SUPPLIED RECORDS: Begin
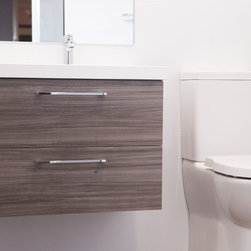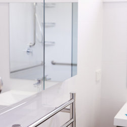 * A towel rail set under the bathroom cabinet and not jutting out into the open space,
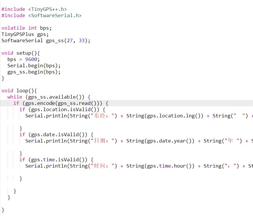 Serial.println(String("东经:") + String(gps.location.lng()) + String(" ") + String("北纬:") + String(gps.location.lat()));
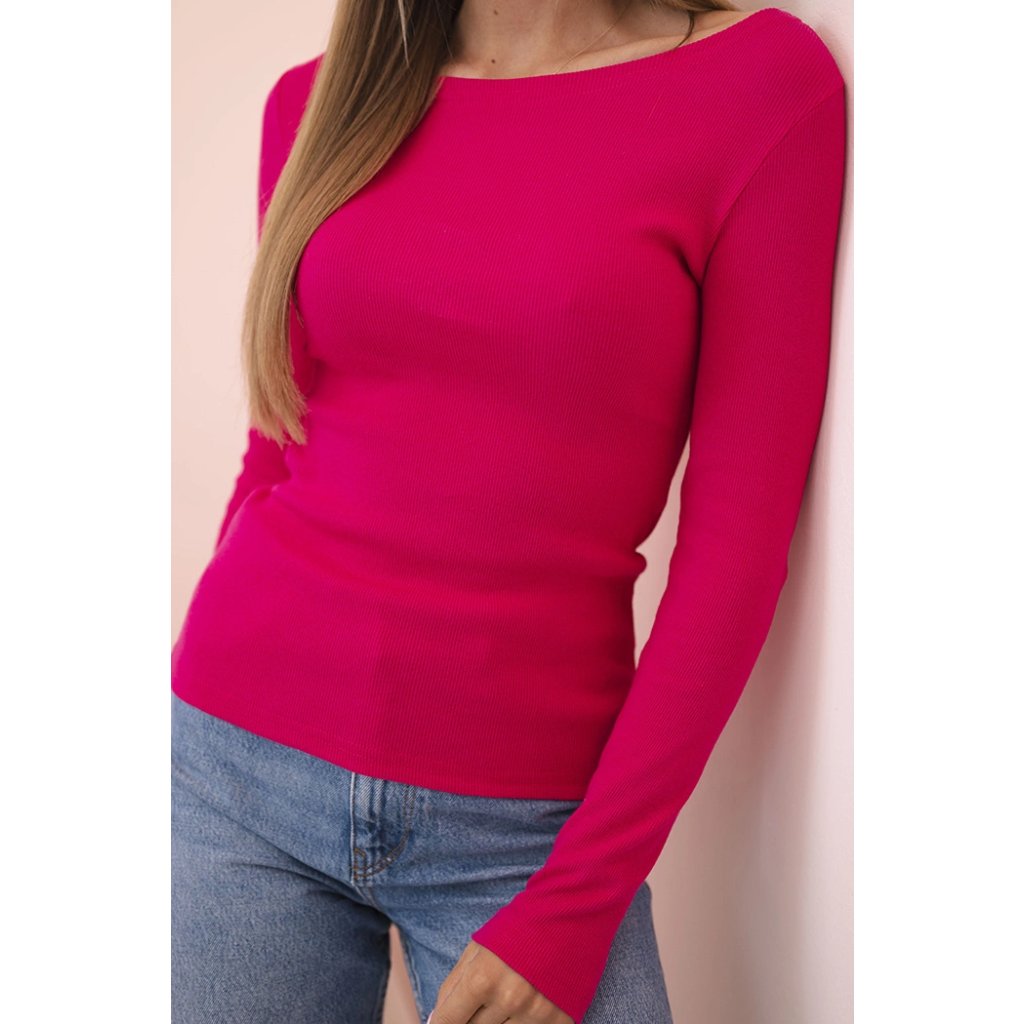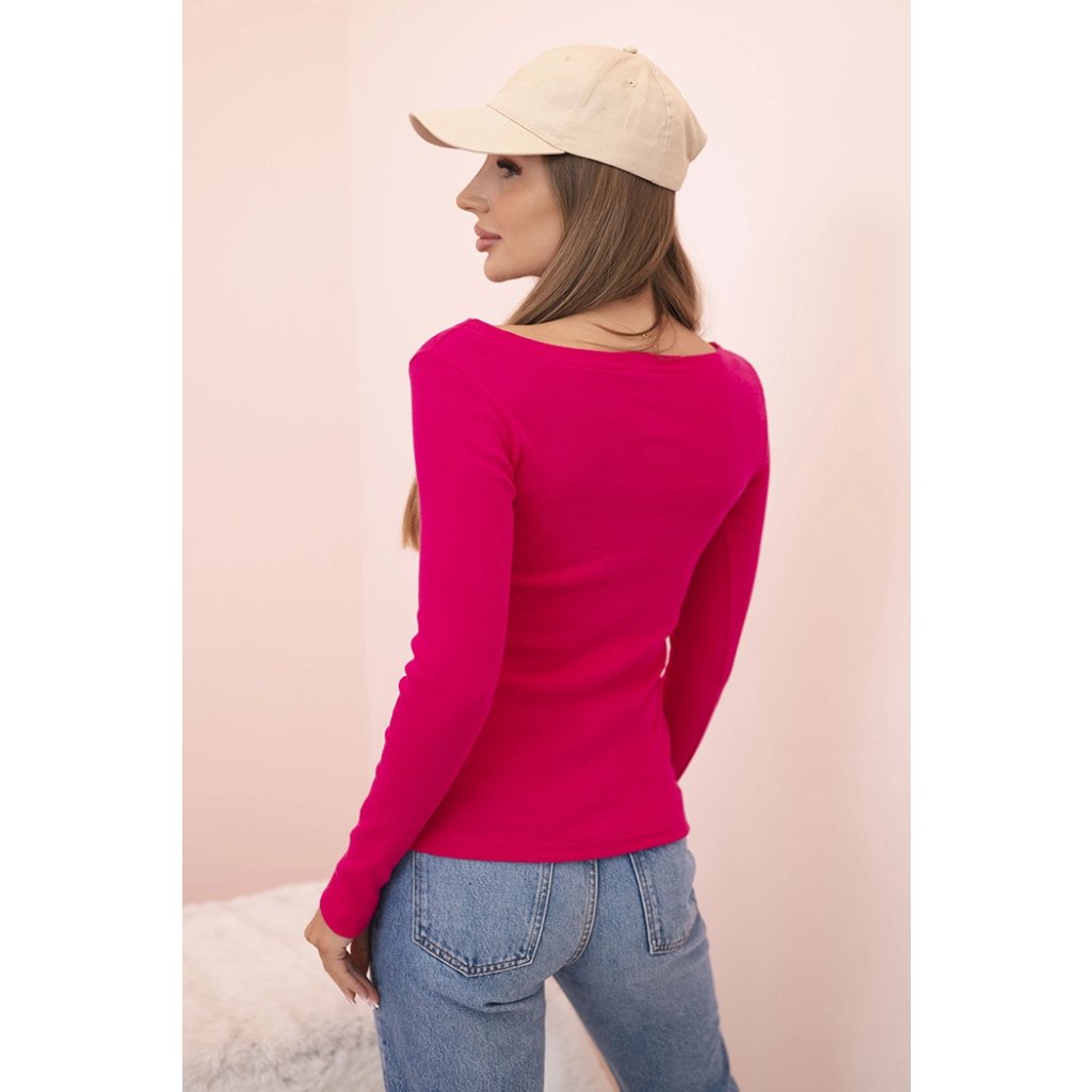 Dámska bavlnená blúza s dlhým rukávom a lodičkovým výstrihom fuchsiová
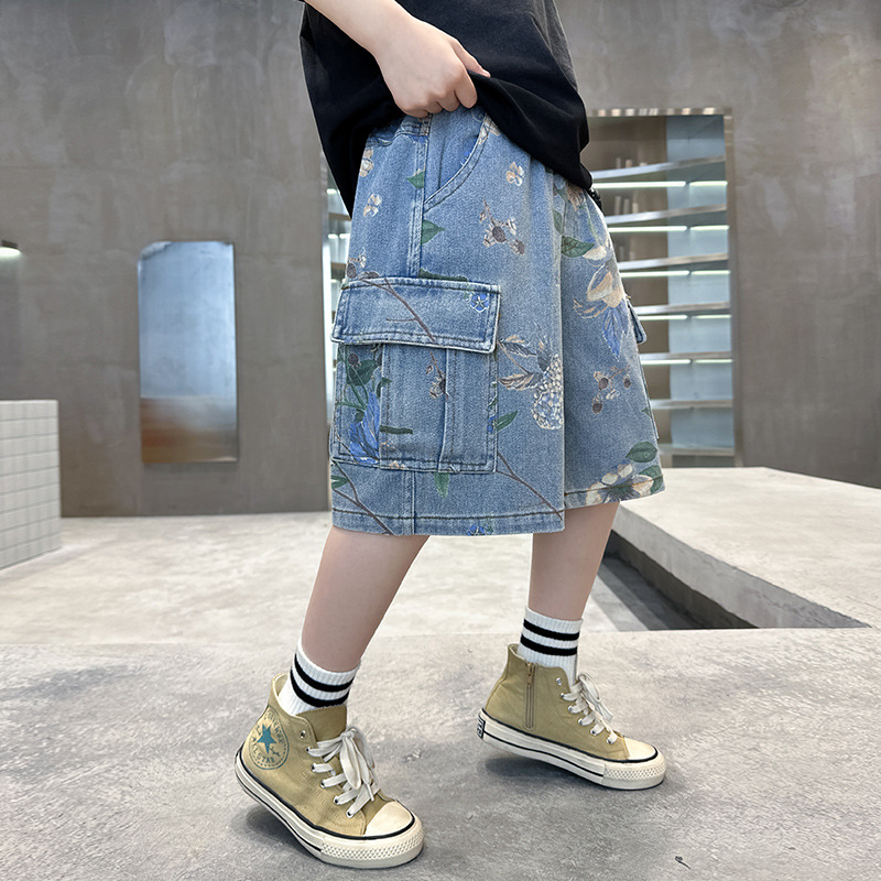 腰果花牛仔短裤男女潮牌宽松休闲五分裤编织抽绳夏季港风百搭中裤
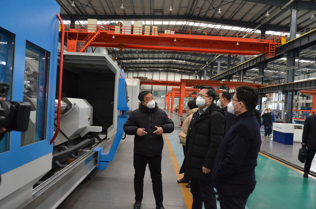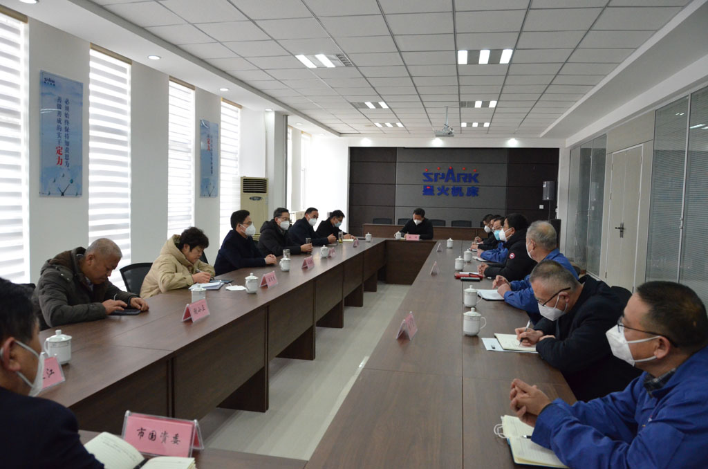 蔣保權(quán)向成廣平一行詳細(xì)介紹了公司的歷史沿革、產(chǎn)品研發(fā)、生產(chǎn)經(jīng)營及未來發(fā)展規(guī)劃等情況。蔣保權(quán)說,近幾年,星火機(jī)床緊盯國家戰(zhàn)略需求,瞄準(zhǔn)軍工、航天航空、新能源、鋼鐵、船舶、工程機(jī)械等行業(yè),在攻克關(guān)鍵領(lǐng)域核心技術(shù)、解決 “卡脖子”難題等方面做了不少工作,公司自主研發(fā)的多軸聯(lián)動(dòng)數(shù)控纏繞機(jī)床形成了行業(yè)標(biāo)準(zhǔn);借助法國索瑪子公司技術(shù)優(yōu)勢(shì),聯(lián)合武漢理工研發(fā)生產(chǎn)的五軸聯(lián)動(dòng)復(fù)合加工中心性能達(dá)到國際標(biāo)準(zhǔn),基本實(shí)現(xiàn)替代進(jìn)口。同時(shí),為進(jìn)一步做大做強(qiáng)做優(yōu)企業(yè),戰(zhàn)略重組了青海青重,一些促進(jìn)企業(yè)實(shí)現(xiàn)高質(zhì)量發(fā)展的智能化、綠色化轉(zhuǎn)型升級(jí)項(xiàng)目如機(jī)床研發(fā)設(shè)計(jì)檢測(cè)能力提升項(xiàng)目也逐步實(shí)施。如果能加入更強(qiáng)的國企平臺(tái),星火將會(huì)有更廣闊的發(fā)展前景。
SUPPLIED RECORDS: End
YOUR TASK:
In your copy, leave out the pictures and reproduce the material above exactly.

YOUR RESPONSE:
 * A towel rail set under the bathroom cabinet and not jutting out into the open space,
 Serial.println(String("东经:") + String(gps.location.lng()) + String(" ") + String("北纬:") + String(gps.location.lat()));
 Dámska bavlnená blúza s dlhým rukávom a lodičkovým výstrihom fuchsiová
 腰果花牛仔短裤男女潮牌宽松休闲五分裤编织抽绳夏季港风百搭中裤
 蔣保權(quán)向成廣平一行詳細(xì)介紹了公司的歷史沿革、產(chǎn)品研發(fā)、生產(chǎn)經(jīng)營及未來發(fā)展規(guī)劃等情況。蔣保權(quán)說,近幾年,星火機(jī)床緊盯國家戰(zhàn)略需求,瞄準(zhǔn)軍工、航天航空、新能源、鋼鐵、船舶、工程機(jī)械等行業(yè),在攻克關(guān)鍵領(lǐng)域核心技術(shù)、解決 “卡脖子”難題等方面做了不少工作,公司自主研發(fā)的多軸聯(lián)動(dòng)數(shù)控纏繞機(jī)床形成了行業(yè)標(biāo)準(zhǔn);借助法國索瑪子公司技術(shù)優(yōu)勢(shì),聯(lián)合武漢理工研發(fā)生產(chǎn)的五軸聯(lián)動(dòng)復(fù)合加工中心性能達(dá)到國際標(biāo)準(zhǔn),基本實(shí)現(xiàn)替代進(jìn)口。同時(shí),為進(jìn)一步做大做強(qiáng)做優(yōu)企業(yè),戰(zhàn)略重組了青海青重,一些促進(jìn)企業(yè)實(shí)現(xiàn)高質(zhì)量發(fā)展的智能化、綠色化轉(zhuǎn)型升級(jí)項(xiàng)目如機(jī)床研發(fā)設(shè)計(jì)檢測(cè)能力提升項(xiàng)目也逐步實(shí)施。如果能加入更強(qiáng)的國企平臺(tái),星火將會(huì)有更廣闊的發(fā)展前景。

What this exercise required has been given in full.